Sounds like R and Y shorted together somewhere--take them loose at both ends and ohm them---should be an easy fix to find


----------



## Double A ron (Aug 18, 2012)

She had someone else come out and replace a contactor/relay in the air handler. I didnt think that would make the outdoor unit run.


----------



## ComfortService (Feb 7, 2013)

I would think that if the thermostat is satisfied according to set point and the unit "Y" is still energized from the thermostat:

Either the thermostat is bad or the control wiring is faulty.

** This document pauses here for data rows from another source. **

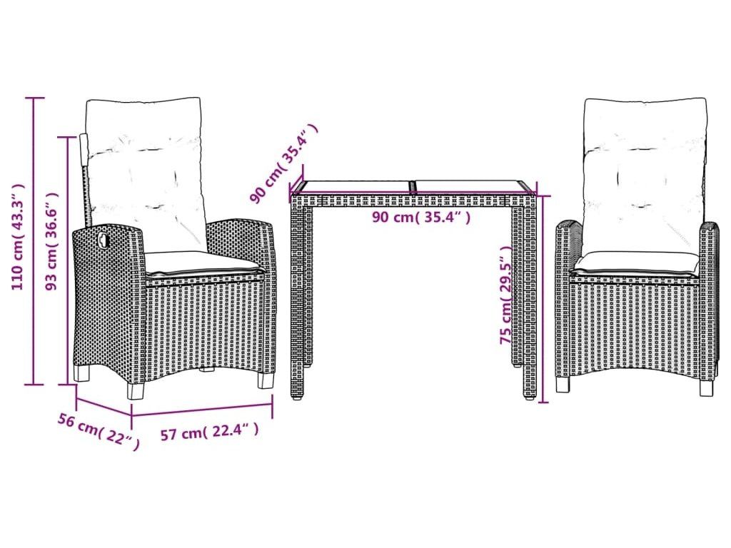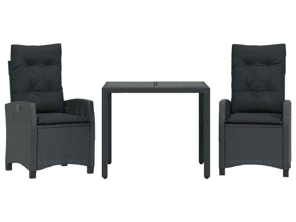 3dílný zahradní jídelní set s poduškami černý polyratan [3212635]
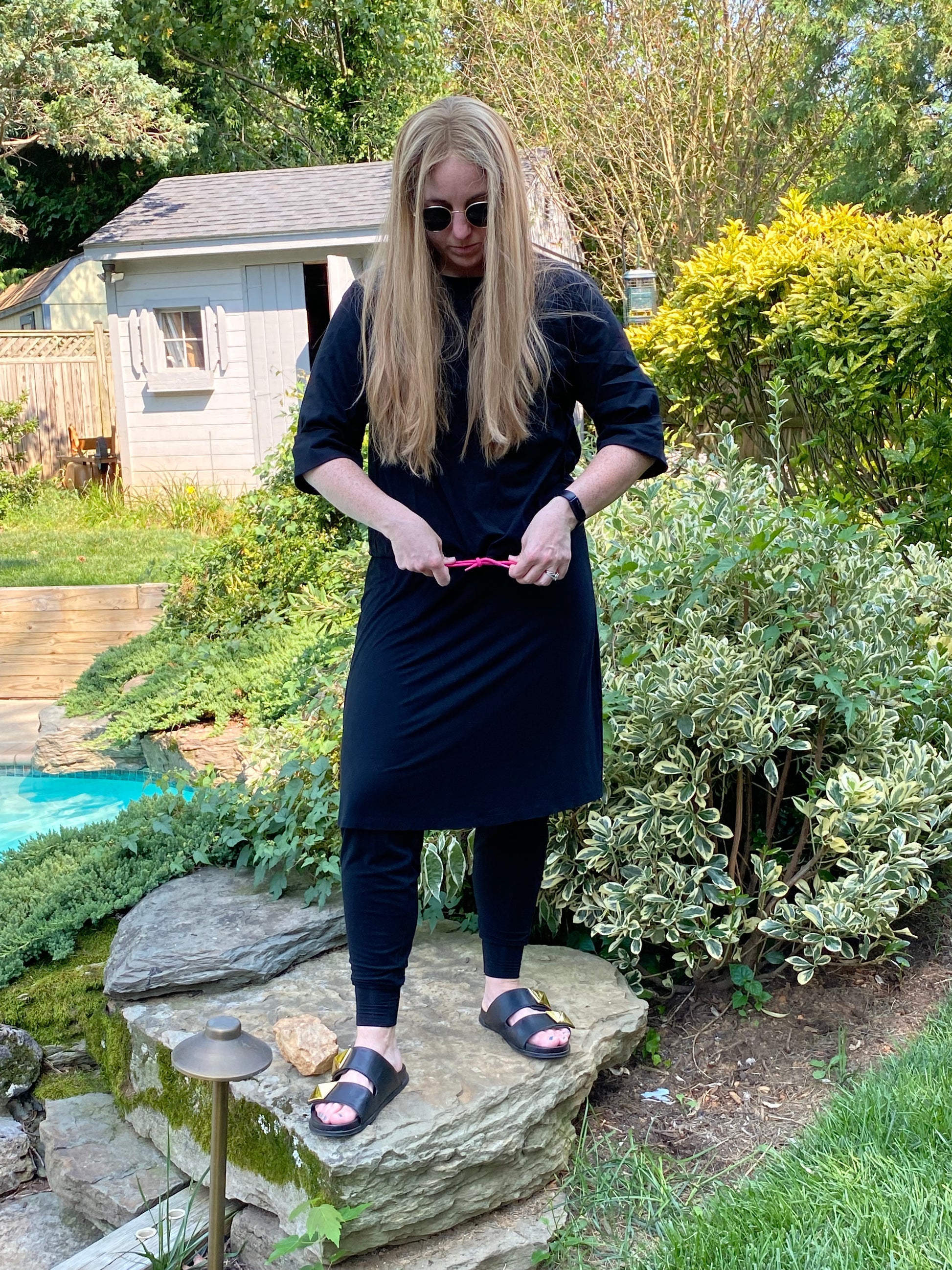 Meet your new BFF; her name is Drawstring Top. The Drawstring Top levels up your current  go-to T-Shirt. With the functional (and fun!) drawstring, you will have the freedom to adjust this top to however you like. Make it a Crop Tee or leave it full length. The sleeves of the Drawstring Top fit wider so you have the ability to throw over your gym clothes and run to your next destination if you should need. Or choose to wear it paired with your favorite denim skirt for an extra flair to the already stylish you.
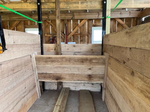 We completed the tie stalls and mangers yesterday. The material is native red oak. These stalls will hold hours for short periods during the day in summer keeping the horses cool and away from biting flies. During winter we use this style of stall overnight. The warm comfortable stalls are perfect for a cold winter’s night. The horses can lie down when they want, munch hay and enjoy the barn’s warmth. Rubber mats will be added for comfort once the renovation is complete. The stalls are 5 feet wide and just a little over 6 feet deep. Plenty of room for our Suffolk Punch horses.
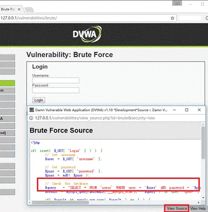 单击页面左侧的BruteForce按钮,进入暴力破解测试页面,单击View Source按钮,如图3-19所示。
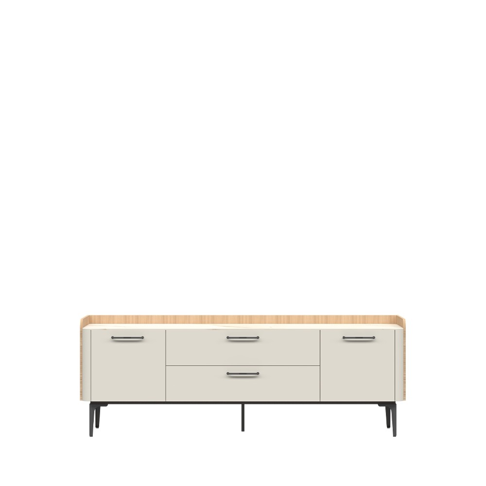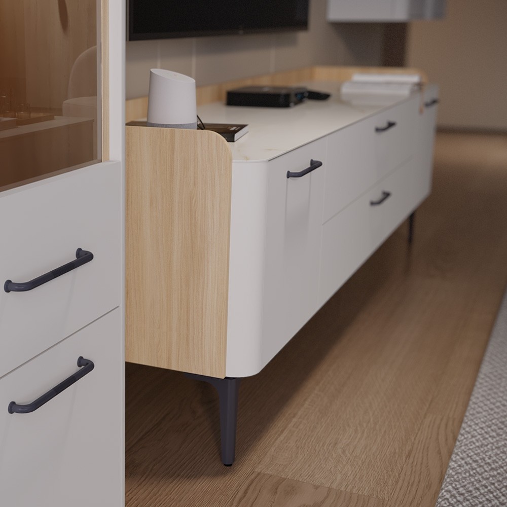 Moderan, elegantan i funkcionalan TV ormarić RADDA AIR unosi lakoću i harmoniju u vaš dnevni boravak. Usklađenost boje Pepper White i dekora drva stvara ugodan i vizualno prozračan prostor, dok staklena površina dodaje dašak luksuza. Visoke nožice omogućuju lakše čišćenje, a meko zatvaranje jednostavniju svakodnevnu upotrebu.
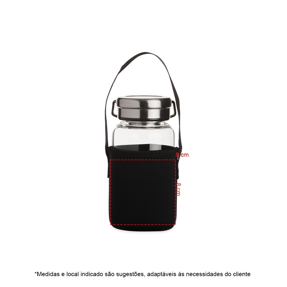 Garrafa de vidro borossilicato com capacidade de 650ml, acompanha peneira infusora e capa de neoprene com alça para transporte. Tampa de alumínio com alça para transporte. Especificações: - Altura  17,1 cm - Largura  8,6 cm - Circunferência  26,9 cm - Medidas aproximadas para gravação(CxL)  9 cm x 4 cm - Tamanho total aproximado(CxL)  Diâmetro bocal 5,2 cm - Peso aproximado(g)  350
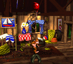 Two unique rooms can be visited - DK's Treehouse (which holds a red balloon), and just underneath, his banana hoard.
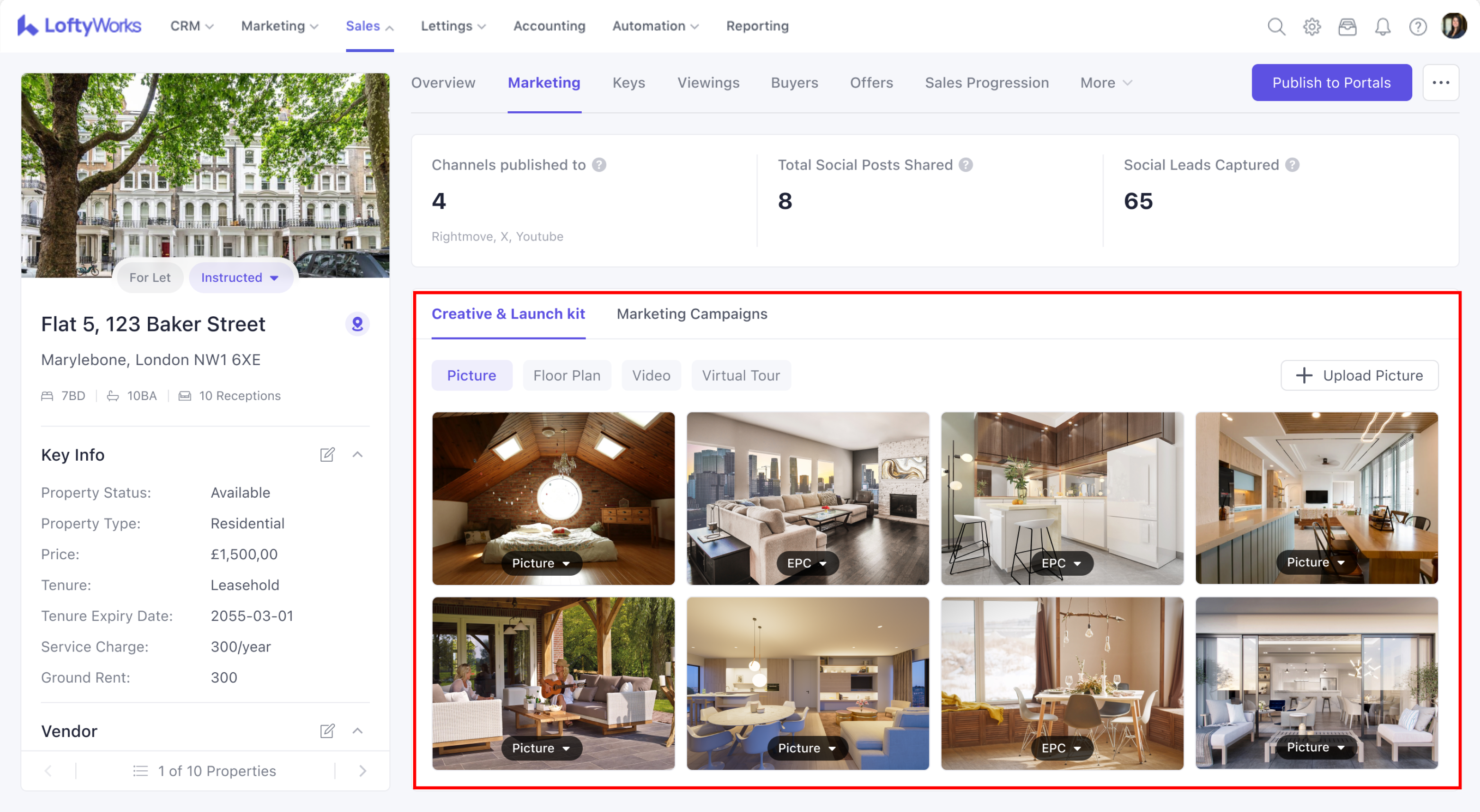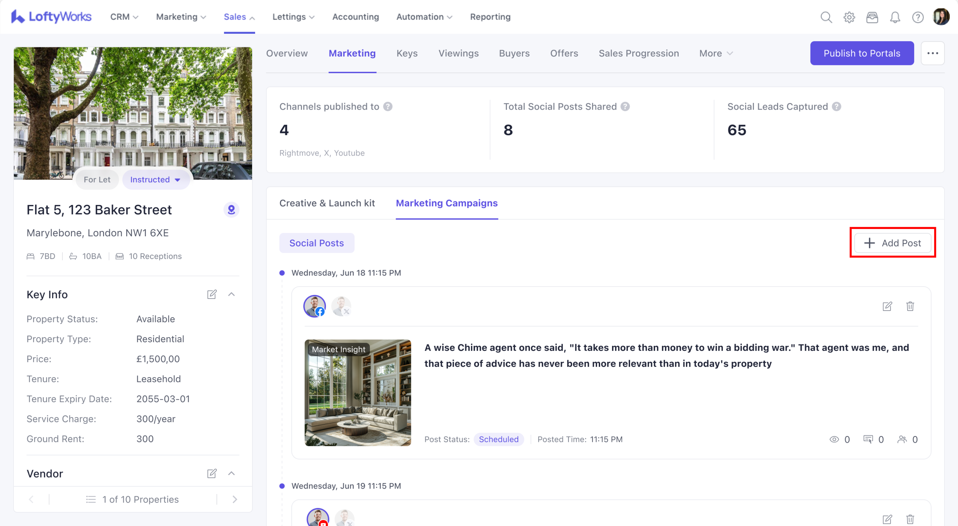 The top section of the Marketing Tab summarises how the property is being promoted. It shows where the property is published, how many social posts have been created, how many people have viewed those posts and how many contacts have come from them.
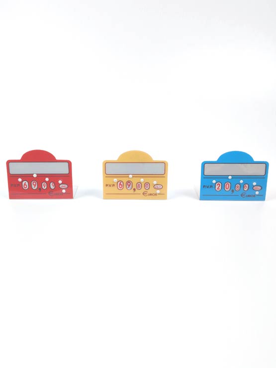 Es un modelo pequeño que dispone de una forma rectangular con un semicírculo en la parte superior. Las medidas de este magnífico porta precios son 85 x 65 mm y dispone de una zona blanca en la parte superior con un espacio aproximado 75 x 15 milímetros para poner el nombre del producto por ejemplo, utilizando rotuladores no permanentes de borrado fácil. Tiene una configuración en L inclinada con un base transparente de unos 85 x 35 mm.
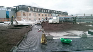 Dal punto di vista esecutivo si è optato per una stratigrafia funzionale che ha previsto nell'ordine la posa di una membrana impermeabile antiradice, sulla quale è stato quindi collocato un tessuto non tessuto di elevata grammatura (intorno ai 300 gr/m2) con funzione di protezione meccanica, un pannello drenante, un ulteriore strato filtrante di separazione in tessuto non tessuto di grammatura più leggera (intorno ai 100 gr/m2), su cui infine è stato posato il substrato colturale LecaGreen estensivo nello spessore di circa 8/10 cm dove sono state messe a dimora piante di Sedum. La posa di quest'ultimo è avvenuta mediante pompaggio da cisterna vuoi per l'assenza in cantiere di adeguate attrezzature di sollevamento, vuoi per la tempistica ristretta imposta dalla Direzione Lavori, vuoi infine per la massiccia presenza impiantistica in copertura, che ha reso questa modalità decisamente più rapida e funzionale.
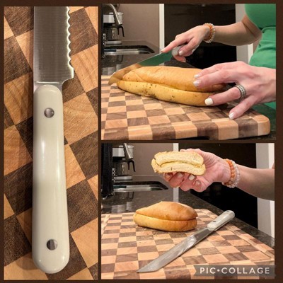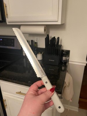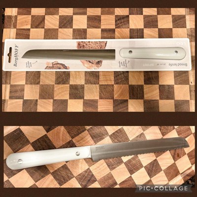 [This review was collected as part of a promotion.] This bread knife is excellent! It has a stainless steel blade which is extremely sharp and extremely effective at not only cutting bread but fruits, vegetables and even pastries. It feels very comfortable in the hand even though it’s on the longer side. It cuts crusty bread without squishing the inside which is obviously not desirable. It has a nice, precise slice without anything spilling out especially with certain fruits. The blade is resistant to corrosion which keeps it looking newer longer. This is hand wash only with mild soap. I had never heard of this brand so I’m very happy Influenster introduced me to it. I’m very satisfied with my new bread knife!
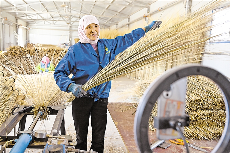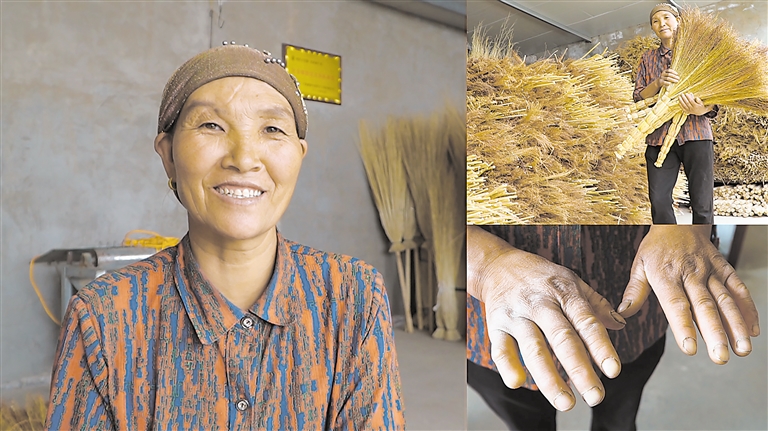 2024年5月,李耀梅在扶贫车间里和工人一起用自己研制的机械化设备扎扫帚,并开启网络直播拓展销路。
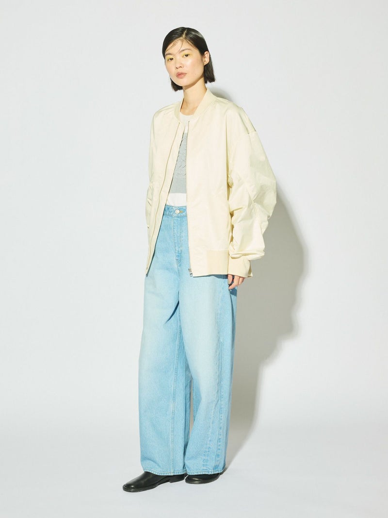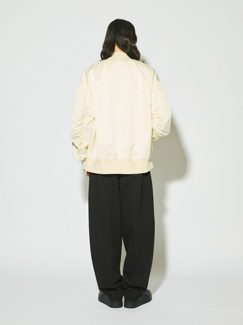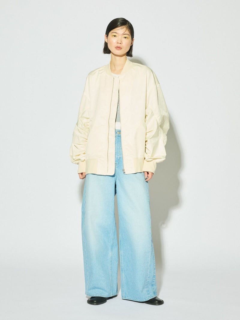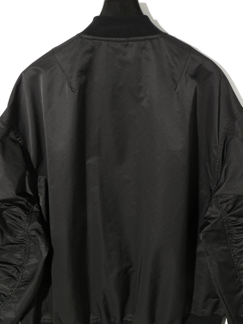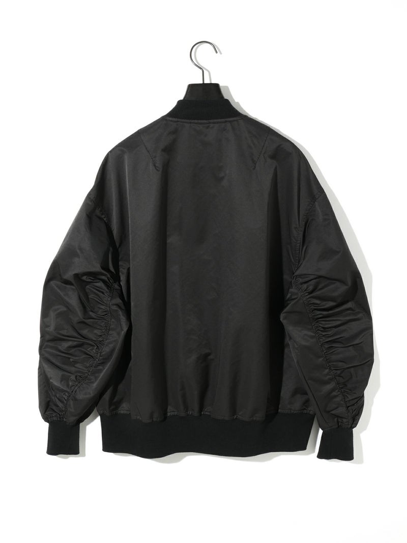 春の立ち上がりにさらっと羽織ってほしいアイテム、ボリュームスリーブMA-1です。タフタ素材できれい見えする素材であえてメンズの方でも着用できるサイズ感に仕上げました。袖のギャザー感がポイント。メンズライクな着こなしもスカードやワンピースも素敵に着こなせる1枚です。
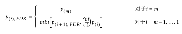 针对假发现率调整的 p 值(表示为 p(i), FDR),按以下方式计算:
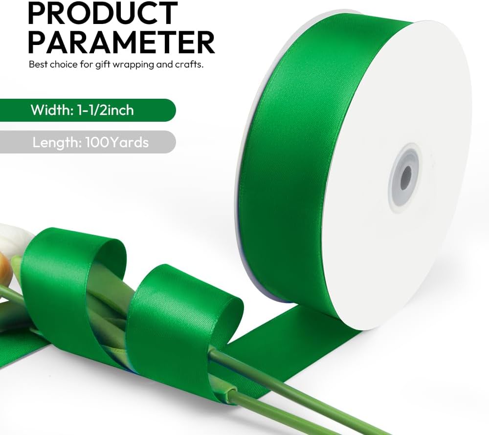 1-1/2 Inch 100 Yards Satin Ribbon Green, Solid Color Fabric Ribbon for Gift Wrapping, Wedding, Polyester Gift Ribbon for Birthday Party Decoration, Craft, Hair, Floral, Sewing
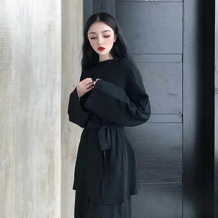 馬海毛網紅毛衣女2018新款針織開衫外套冷淡風針織吊帶連衣裙套裝
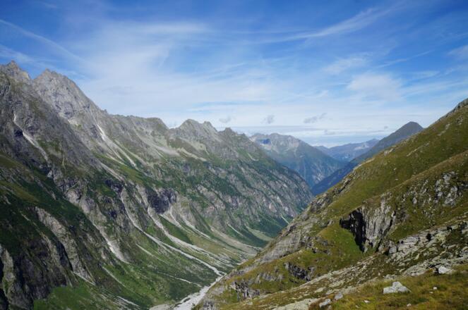 Von der Materialseilbahn der Greizer Hütte startet der etwas steilere Ansteig hinauf zur Greizer Hütte.

http:/comfortclimateservice.com


----------



## Seven City hvac (Jun 1, 2013)

the question is on day one was both the blower and the out door unit runing. if so and we know its not the stat. im thinking wires. ive seen it before where someone routed the control wire using those metal horse shoe wire tacks and they beat it down like they were nailing wood together. shorted everything out. 

another possibility, and alot of us would miss this one, that defrost board out side can control every thing eles just like that tstat.


----------